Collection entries

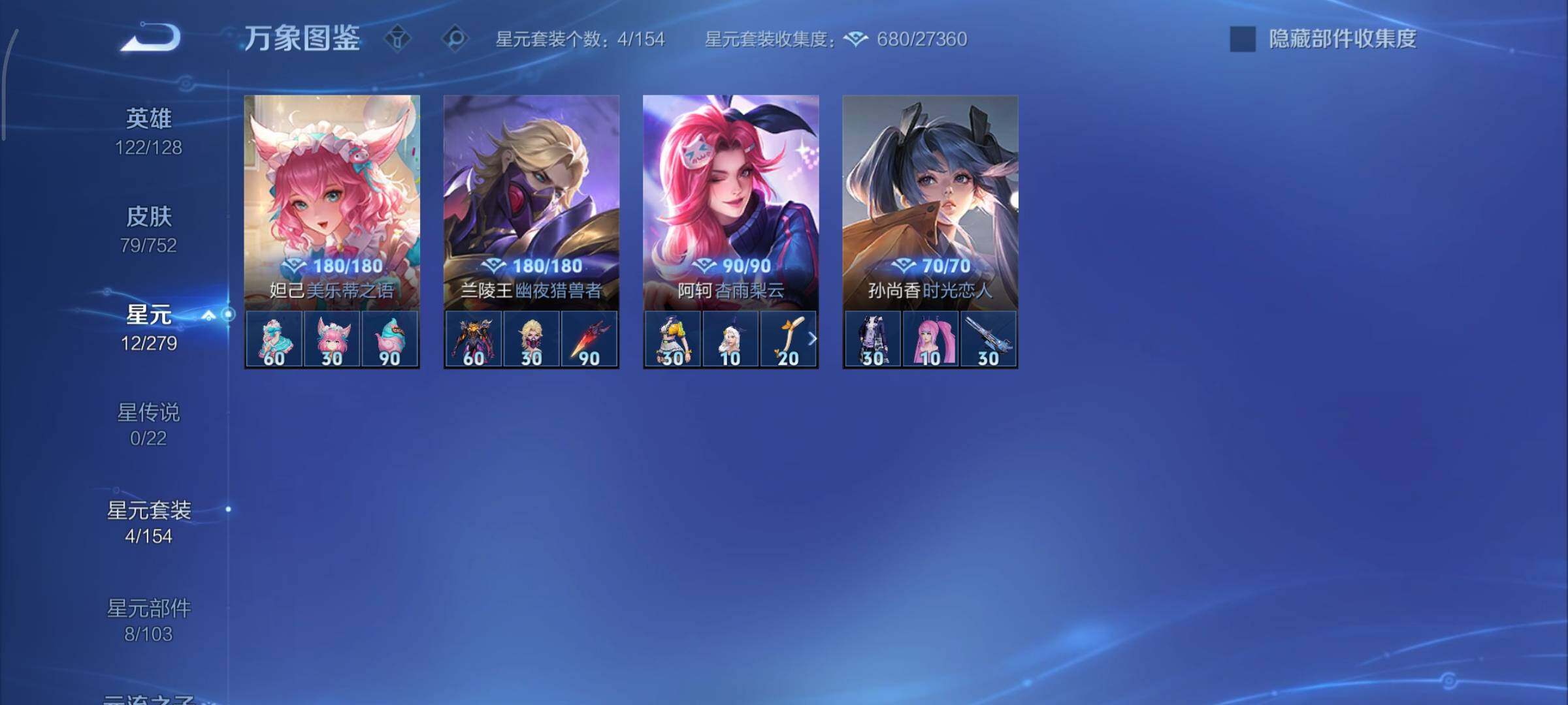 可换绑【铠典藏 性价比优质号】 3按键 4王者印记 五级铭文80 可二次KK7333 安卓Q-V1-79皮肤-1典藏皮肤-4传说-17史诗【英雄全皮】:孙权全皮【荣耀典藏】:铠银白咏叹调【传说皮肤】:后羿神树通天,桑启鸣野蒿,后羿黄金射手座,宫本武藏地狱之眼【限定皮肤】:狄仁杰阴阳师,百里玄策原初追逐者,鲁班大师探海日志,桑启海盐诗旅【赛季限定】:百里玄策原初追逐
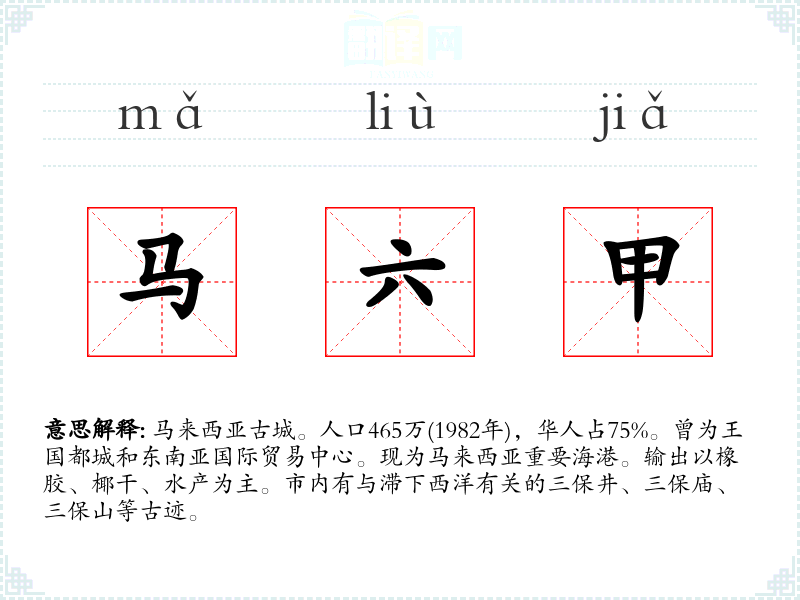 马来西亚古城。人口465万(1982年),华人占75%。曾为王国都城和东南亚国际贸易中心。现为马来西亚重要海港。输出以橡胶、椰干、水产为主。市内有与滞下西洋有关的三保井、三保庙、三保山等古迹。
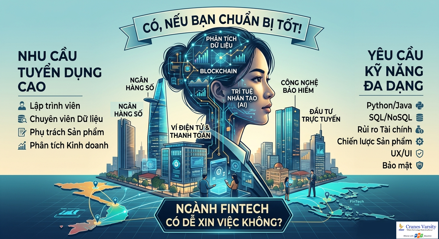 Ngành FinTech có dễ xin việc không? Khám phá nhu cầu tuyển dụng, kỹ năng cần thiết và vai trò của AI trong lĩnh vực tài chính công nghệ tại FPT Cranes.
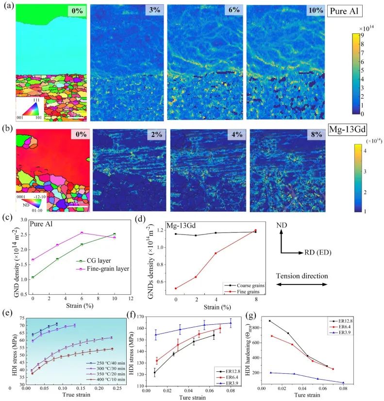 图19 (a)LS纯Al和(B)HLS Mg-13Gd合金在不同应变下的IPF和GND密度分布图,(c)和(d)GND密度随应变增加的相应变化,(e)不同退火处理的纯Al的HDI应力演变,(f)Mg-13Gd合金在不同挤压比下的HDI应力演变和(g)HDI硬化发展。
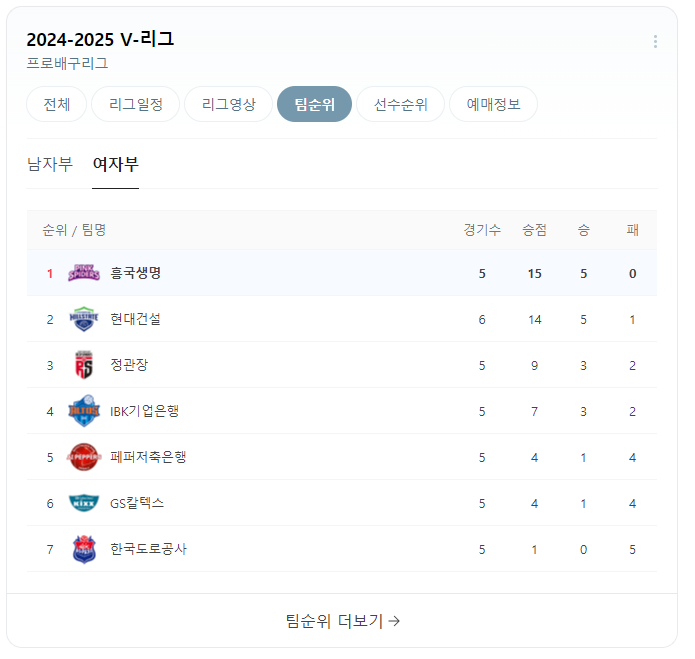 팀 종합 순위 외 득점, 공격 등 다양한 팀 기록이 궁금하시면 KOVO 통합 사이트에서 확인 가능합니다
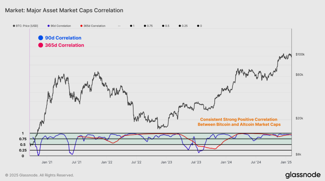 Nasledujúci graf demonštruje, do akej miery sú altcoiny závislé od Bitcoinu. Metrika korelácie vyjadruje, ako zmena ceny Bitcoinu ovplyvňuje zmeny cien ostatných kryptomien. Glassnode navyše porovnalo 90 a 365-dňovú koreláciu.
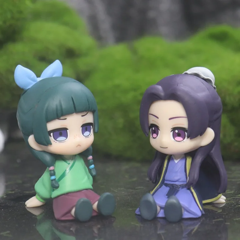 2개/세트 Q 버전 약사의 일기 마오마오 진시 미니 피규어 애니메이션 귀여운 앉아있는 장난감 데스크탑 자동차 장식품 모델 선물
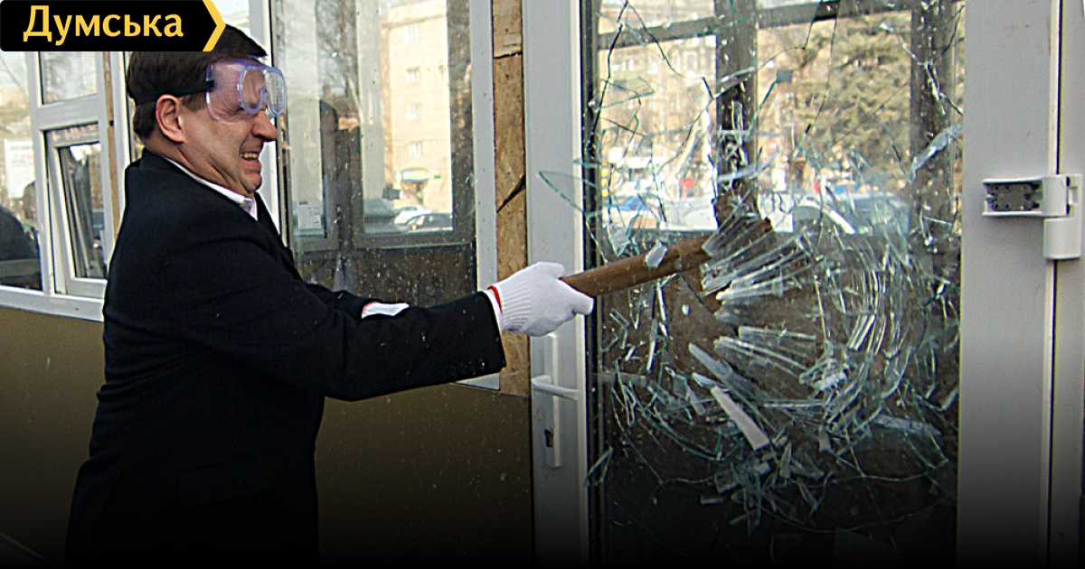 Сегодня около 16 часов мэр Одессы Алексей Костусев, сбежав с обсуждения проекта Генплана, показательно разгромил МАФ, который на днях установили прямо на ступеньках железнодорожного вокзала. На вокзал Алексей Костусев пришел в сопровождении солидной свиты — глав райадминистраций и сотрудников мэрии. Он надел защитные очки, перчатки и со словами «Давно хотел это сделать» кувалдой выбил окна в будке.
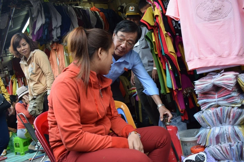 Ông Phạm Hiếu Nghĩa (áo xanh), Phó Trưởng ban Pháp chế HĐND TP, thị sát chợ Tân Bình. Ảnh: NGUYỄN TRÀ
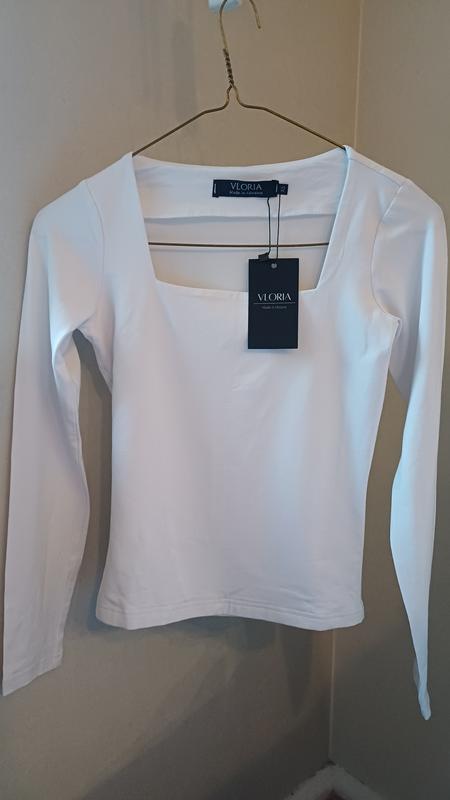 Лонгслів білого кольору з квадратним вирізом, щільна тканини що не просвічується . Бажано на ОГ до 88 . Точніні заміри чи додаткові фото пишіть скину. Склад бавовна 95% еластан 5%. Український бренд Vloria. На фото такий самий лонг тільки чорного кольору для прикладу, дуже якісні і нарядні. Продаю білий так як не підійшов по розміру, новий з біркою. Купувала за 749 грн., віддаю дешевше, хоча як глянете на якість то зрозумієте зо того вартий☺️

### [Work instructions]
Repeat each line of the records exactly, dropping the pictures.

### [Answer section]
 可换绑【铠典藏 性价比优质号】 3按键 4王者印记 五级铭文80 可二次KK7333 安卓Q-V1-79皮肤-1典藏皮肤-4传说-17史诗【英雄全皮】:孙权全皮【荣耀典藏】:铠银白咏叹调【传说皮肤】:后羿神树通天,桑启鸣野蒿,后羿黄金射手座,宫本武藏地狱之眼【限定皮肤】:狄仁杰阴阳师,百里玄策原初追逐者,鲁班大师探海日志,桑启海盐诗旅【赛季限定】:百里玄策原初追逐
 马来西亚古城。人口465万(1982年),华人占75%。曾为王国都城和东南亚国际贸易中心。现为马来西亚重要海港。输出以橡胶、椰干、水产为主。市内有与滞下西洋有关的三保井、三保庙、三保山等古迹。
 Ngành FinTech có dễ xin việc không? Khám phá nhu cầu tuyển dụng, kỹ năng cần thiết và vai trò của AI trong lĩnh vực tài chính công nghệ tại FPT Cranes.
 图19 (a)LS纯Al和(B)HLS Mg-13Gd合金在不同应变下的IPF和GND密度分布图,(c)和(d)GND密度随应变增加的相应变化,(e)不同退火处理的纯Al的HDI应力演变,(f)Mg-13Gd合金在不同挤压比下的HDI应力演变和(g)HDI硬化发展。
 팀 종합 순위 외 득점, 공격 등 다양한 팀 기록이 궁금하시면 KOVO 통합 사이트에서 확인 가능합니다
 Nasledujúci graf demonštruje, do akej miery sú altcoiny závislé od Bitcoinu. Metrika korelácie vyjadruje, ako zmena ceny Bitcoinu ovplyvňuje zmeny cien ostatných kryptomien. Glassnode navyše porovnalo 90 a 365-dňovú koreláciu.
 2개/세트 Q 버전 약사의 일기 마오마오 진시 미니 피규어 애니메이션 귀여운 앉아있는 장난감 데스크탑 자동차 장식품 모델 선물
 Сегодня около 16 часов мэр Одессы Алексей Костусев, сбежав с обсуждения проекта Генплана, показательно разгромил МАФ, который на днях установили прямо на ступеньках железнодорожного вокзала. На вокзал Алексей Костусев пришел в сопровождении солидной свиты — глав райадминистраций и сотрудников мэрии. Он надел защитные очки, перчатки и со словами «Давно хотел это сделать» кувалдой выбил окна в будке.
 Ông Phạm Hiếu Nghĩa (áo xanh), Phó Trưởng ban Pháp chế HĐND TP, thị sát chợ Tân Bình. Ảnh: NGUYỄN TRÀ
 Лонгслів білого кольору з квадратним вирізом, щільна тканини що не просвічується . Бажано на ОГ до 88 . Точніні заміри чи додаткові фото пишіть скину. Склад бавовна 95% еластан 5%. Український бренд Vloria. На фото такий самий лонг тільки чорного кольору для прикладу, дуже якісні і нарядні. Продаю білий так як не підійшов по розміру, новий з біркою. Купувала за 749 грн., віддаю дешевше, хоча як глянете на якість то зрозумієте зо того вартий☺️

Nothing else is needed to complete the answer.